Rodrigo Pardo : Es una pregunta muy difícil. Tenía muy claro que no quería ser economista, que seguramente iba trabajar en cosas muy distintas como el periodismo que siempre me ha gustado y había querido hacer como actividad principal. Sin embargo, consideré que la economía era una carrera muy formativa que me daría muy buenos elementos para ejercer en el periodismo, para entender la sociedad, para tener elementos básicamente de comprensión, más que porque quisiera desempeñarme en ese campo.

R. E. S. : ¿Fue esta carrera su única opción? ¿Por qué Los Andes?
R. P. : No consideré periodismo, por supuesto, consideré ciencia política. Quizás tengo una visión más de politólogo que de economista para analizar las cosas. Las dos dan elementos muy valiosos para entender el funcionamiento de la sociedad, pero finalmente escogí economía. Los Andes me gustaban mucho.
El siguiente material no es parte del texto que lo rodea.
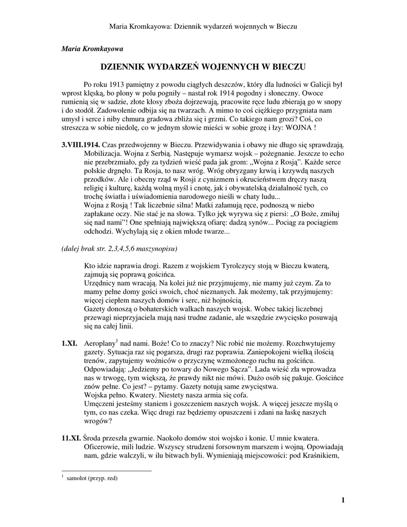 Maria Kromkayowa: Dziennik wydarze wojennych w Bieczu Maria Kromkayowa DZIENNIK WYDARZE WOJENNYCH W BIECZU Po roku 1913 pami tny z powodu ci głych deszczów, który dla ludno ci w Galicji był wprost kl sk , bo plony w polu pogniły – nastał rok 1914 pogodny i słoneczny. Owoce rumieni si w sadzie, złote kłosy zbo a dojrzewaj , pracowite r ce ludu zbieraj go w snopy i do stodół. Zadowolenie odbija si na twarzach. A mimo to co ci kiego przygniata nam umysł i serce i niby chmura gradowa zbli a si i grzmi. Co takiego nam grozi? Co , co streszcza w sobie niedol , co w jednym słowie mie ci w sobie groz i łzy: WOJNA ! 3.VIII.1914. Czas przedwojenny w Bieczu. Przewidywania i obawy nie długo si sprawdzaj . Mobilizacja. Wojna z Serbi . Nast puje wymarsz wojsk – po egnanie. Jeszcze to echo nie przebrzmiało, gdy za tydzie wie pada jak grom: „Wojna z Rosj ”. Ka de serce polskie drgn ło. Ta Rosja, to nasz wróg. Wróg obryzgany krwi i krzywd naszych przodków. Ale i obecny rz d w Rosji z cynizmem i okrucie stwem dr czy nasz religi i kultur , ka d woln my l i cnot , jak i obywatelsk działalno tych, co troch wiatła i u wiadomienia narodowego nie li w chaty ludu... Wojna z Rosj ! Tak liczebnie silna! Matki załamuj r ce, podnosz w niebo zapłakane oczy. Nie sta je na słowa. Tylko j k wyrywa si z piersi: „O Bo e, zmiłuj si nad nami”! One spełniaj najwi ksz ofiar : dadz synów... Poci g za poci giem odchodzi. Wychylaj si z okien młode twarze... (dalej brak str. 2,3,4,5,6 maszynopisu) Kto idzie naprawia drogi. Razem z wojskiem Tyrolczycy stoj w Bieczu kwater , zajmuj si popraw go ci ca. Urz dnicy nam wracaj . Na kolei ju nie przyjmujemy, nie mamy ju czym. Za to mamy pełne domy go ci swoich, cho nieznanych. Jak mo emy, tak przyjmujemy: wi cej ciepłem naszych domów i serc, ni hojno ci . Gazety donosz o bohaterskich walkach naszych wojsk. Wobec takiej liczebnej przewagi nieprzyjaciela maj nasi trudne zadanie, ale wsz dzie zwyci sko posuwaj si na całej linii. 1.XI. Aeroplany1 nad nami. Bo e! Co to znaczy? Nic robi nie mo emy. Rozchwytujemy gazety. Sytuacja raz si pogarsza, drugi raz poprawia. Zaniepokojeni wielk ilo ci trenów, zapytujemy wo niców o przyczyn wzmo onego ruchu na go ci cu. Odpowiadaj : „Jedziemy po towary do Nowego S cza”. Lada wie zła wprowadza nas w trwog , tym wi ksz , e prawdy nikt nie mówi. Du o osób si pakuje. Go ci ce znów pełne. Co jest? – pytamy. Gazety notuj same zwyci stwa. Wojska pełno. Kwatery. Niestety nasza armia si cofa. Um czeni jeste my staniem i goszczeniem naszych wojsk. A wi cej jeszcze my l o tym, co nas czeka. Wi c drugi raz b dziemy opuszczeni i zdani na łask naszych wrogów? 11.XI. roda przeszła gwarnie. Naokoło domów stoi wojsko i konie. U mnie kwatera. Oficerowie, mili ludzie. Wszyscy strudzeni forsownym marszem i wojn . Opowiadaj nam, gdzie walczyli, w ilu bitwach byli. Wymieniaj miejscowo ci: pod Kra nikiem, 1 samolot (przyp. red) 1 Maria Kromkayowa: Dziennik wydarze wojennych w Bieczu Komarowem, Jarosławiem, Samborem. Z całego grona oficerów zastali my my czterej. Łzy im błyszcz w oczach na wspomnienie towarzyszów. Odczuwamy serdecznie ich my li i poło enie. Staramy si umili im ka d chwil wypoczynku w domach. Nie mo emy si do nasłucha opowiadanych szczegółów z pola walki. Odje d aj . Do widzenia! Do widzenia! W południe s inni, a na wieczór przyjechało tak du o wojska, e ju nawet miejsca nie mamy. Wszyscy oficerowie przemili ludzie i wykształceni. Niektórzy z nich zajmuj wybitne stanowiska, maj doktoraty, a od czasu obecnej wojny s w wojsku. Ostatni, s na kwaterze, to piechota. Pułk lwowski. Maj rozkaz odjazdu o 5 godzinie rano. Po ich odje dzie widzimy, jak krzywd nam zrobili. Podczas gdy my z serdeczn go cinno ci podejmowali oficerów, ołnierze odbili kłódk od mego kurnika. liczne rasowe, wypierzone kokoszki wyhodowane takim staraniem i kosztem zabrali, zabili. Z oskubanych piór białych i popielatych zrobili mi piramid . Nie byłam ju u siebie i łzy jak groch spłyn ły mi z oczu. Wyszłam do pokoju, zabrali mi podarowany chleb (przez oficerów, którzy odjechali wieczór) a ze stołu zabrali i no e. Słu ba, co rzeczy oficerów i po ciel pakuje, du o nam rzeczy kradnie, ale ci ostatni to li ludzie. Rusini. Byłam cały dzie bez obiadu. W rod wieczorem odjechała kolej, poczta, znajomi. Cisza, czy na długo? Smutni jeste my. Sprz tamy w domu. Nie mamy ch ci ani mówi . Sobota 14.XI. Patrole konne moskiewskie przyjechały. Defiluj go ci cem, gromadz si na drodze. Z okna widz , e jad na Kukułówk „smotra ”2. Zaraz si tam rozgo cili. Potem szukaj dalej kwater. Niedziela 15.XI. Przyszła husaria gwardii. Id i id nieprzerwanie. Zalewaj nas jak lawa. Kwatera. Pułkownik ze swoim oficerem. Wysoki do gładki w obej ciu. Rozmówi si z nimi mo na. Rozumiej , co ja mówi . Rosjanie ci, co byli bli ej Polski lub w Warszawie wyra aj si dobrze, s nawet grzeczniejsi. Pułkownik mi opowiadał, e miał przyjaciela Polaka, tak e w randze pułkownika, ale zgin ł pod Lwowem. Gotuj w mojej kuchni. Na kolacj przyszedł do kwateruj cego u mnie pułkownika, pułkownik kozacki stoj cy kwater w s siedniej kamienicy. Ciemnowłosy, twarz ci gła, wyraz chmurny. Po kolacji przegl daj mapy Galicji. - Prosz pani – pytaj w pewnej chwili – daleko do Krakowa? Ile kilometrów? - Doprawdy nie wiem, je d kolej , a ko mi i lini powietrzn , co innego, przypuszczalnie – po namy le powiedziałam – 20 mil3. Panowie id na Kraków. - Tak, idziemy do Krakowa. - Panowie Krakowa nie dostan . - Czemu? - Bo b dzie silnie broniony. - Pani wie, jak nasze kanony bij . - By mo e, ale i nasi kanony maj . - Przeszli my cał wschodni Galicj i jeste my w Bieczu. Za 5 dni b dziemy pod Krakowem. Przyjechali my do Biecza na koniach i na koniach pojedziemy do Krakowa. - Zobaczymy – panowie Krakowa nie dostan . 2 z rosyjskiego = patrze (przyp. red.) Autorka w celu wprowadzenia rozmówców w bł d u ywa której z dawnych jednostek odleg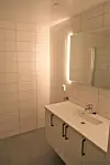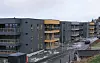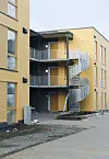 – Materialer og fargepalett tar utgangspunkt i omkringliggende omgivelser. Den gule representerer kornåkerne, de blågrå fargene speiler havet og sjøen. Nyanser av gult og grått er brukt om hverandre både utvendig og innvendig i felles trapperom.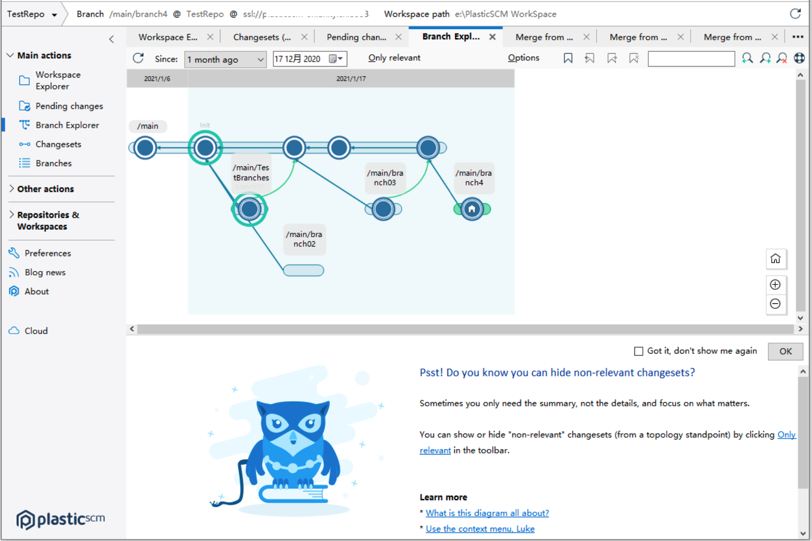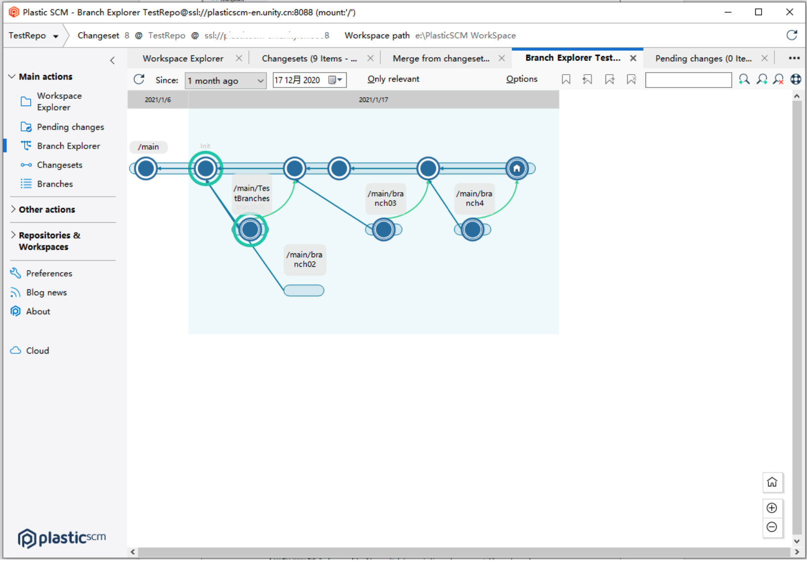 上面的操作对于单线管理已经足够了,但是如果有需求需要开分支进行多线管理时,就需要创建分 支。 在Branch Explorer中,可以看到当前的版本树,然后选择某个你想要的版本,在创建分支前,建 议先通过右击选择Label this changeset,给这个版本添加一个label,用于记录这个版本的一些特性,然 后右击选择Create branch from this changeset,来创建一个分支。在新的分支中,你的这些改动不会影响主分支,可以自由的提交改动进行测试。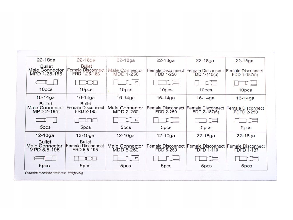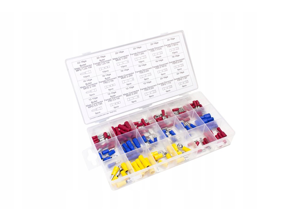 Conectorii sunt sortați și etichetați. Setul include diferite dimensiuni pentru utilizare universală.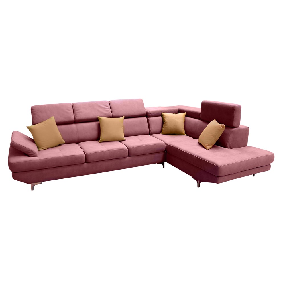 You're reviewing:Corner sofa, right, wooden structure, metal legs, textile upholstery, purple, 300x200xH85-100 cm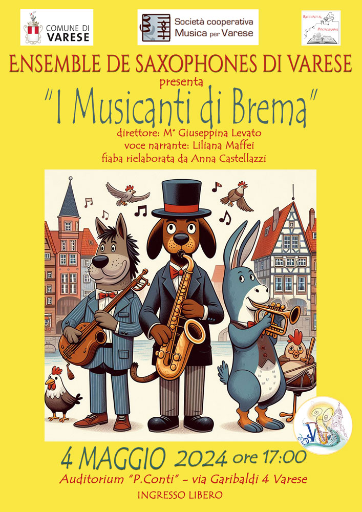 L’ensamble de Saxophones di Varese darà fiato, ritmo e melodia alla favola de I musicanti di Brema nel pomeriggio di sabato 4 maggio alle ore 17 all’Auditorium del Liceo Musicale Malipiero di Varese.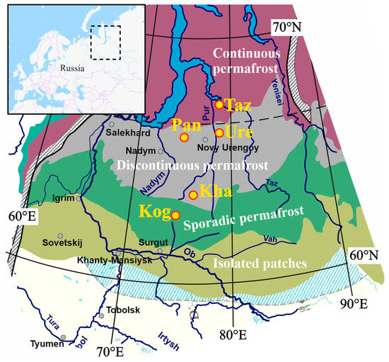 Map of the study site with permafrost boundaries [29], http://portal.inter-map.com, NSIDC, with five main test sites: Taz—Tazovsky; Ure—Urengoy; Pan—Pangody; Kha—Khanymey; and Kog—Kogalym.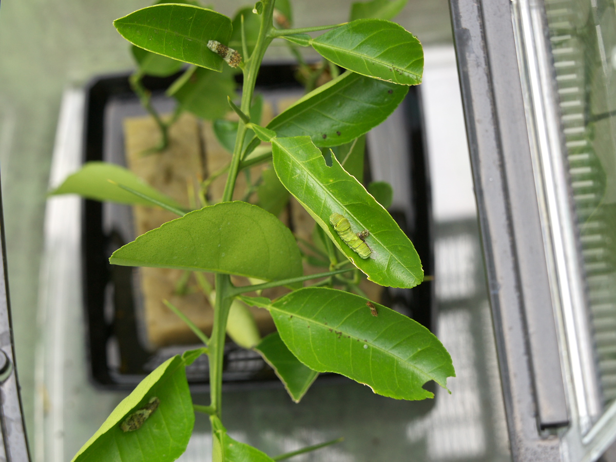 で、ネットで調べるとアゲハチョウが卵から無事成虫になれる確率はわずか1~2%という記述が多く見られ(真偽のほどは不明だが)、これは保護するしかないでしょ!?!?ということで“イモちゃん”を飼育ケースで飼い始めたというワケです。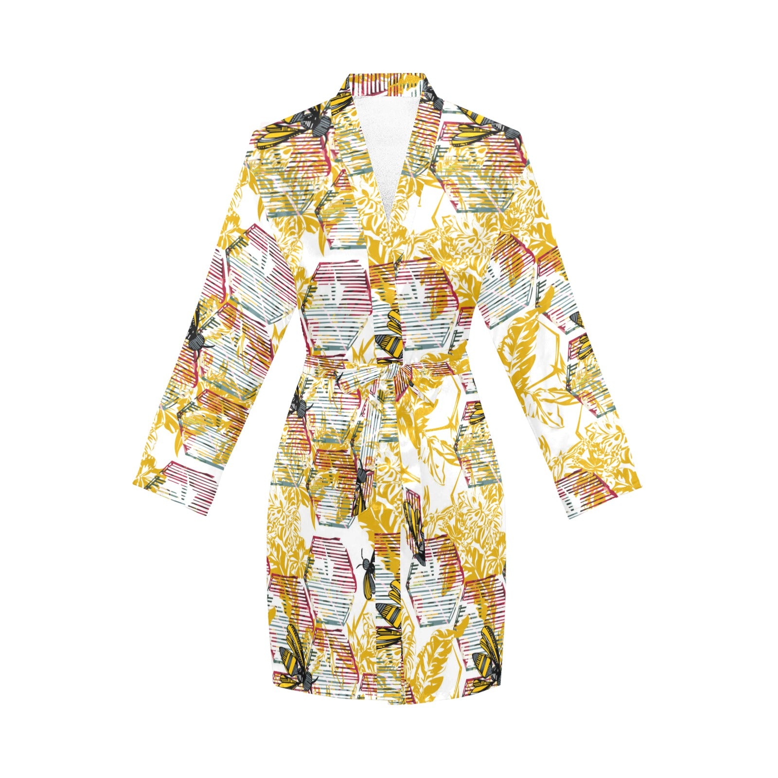 Cool Bee honeycomb leaves pattern Women's Long Sleeve Belted Night Robe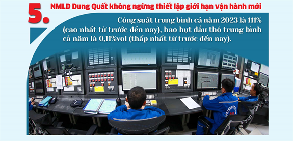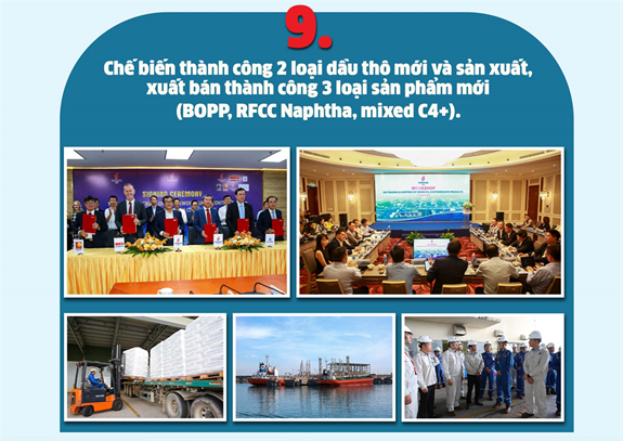Năm qua, Nhà máy Lọc dầu Dung Quất vận hành ở công suất 111%; sản lượng sản xuất ướt đạt 7,35 triệu tấn, vượt 31% kế hoạch. Sản lượng tiêu thụ ướt đạt 7,26 triệu tấn, vượt 29% kế hoạch; điều này đã giúp Công ty đạt Tổng doanh thu gần 146.500 tỷ đồng, vượt 54% kế hoạch; nộp NSNN trên 16.615 tỷ đồng, vượt 69% kế hoạch và lợi nhuận sau thuế vượt xa kế hoạch năm.

En el momento era una universidad un poco más internacional, más moderna, más en línea con las tendencias mundiales de la educación y la verdad fue a la única a la que me presente.

R. E. S. : ¿Cómo describe su experiencia como estudiante en la Universidad?
R. P. : Fue una época muy feliz, muy productiva solo tengo buenos recuerdos. Era una Universidad totalmente distinta a la de hoy, comenzando por la fisionomía externa, no existían muchos edificios de los que hay ahora y muchos de los que existen en la actualidad como el B; eran muy viejos y no tenían esa reconstrucción interna; no había el enorme nivel de computadores que hay hoy en día. La Universidad estaba empezando a meterse en el tema, había un computador central, era el único y de éste dependían todas las facultades y todos los estudiantes. La idea de un PC todavía no existía, los trabajos los hacíamos en máquina de escribir. Fue una época de mucha actividad política, estábamos en los años 80 en el gobierno de Turbay Ayala, había una discusión muy fuerte acerca de los derechos humanos y había todavía dilemas sobre la izquierda y la derecha, de cómo tratar especialmente a la guerrilla. En la universidad existía un gran debate acerca del tema, yo participaba mucho en él. Con un grupo de amigos tuvimos un periódico que se llamaba El Escalón en el cual registrábamos un poco ese clima que había en la época.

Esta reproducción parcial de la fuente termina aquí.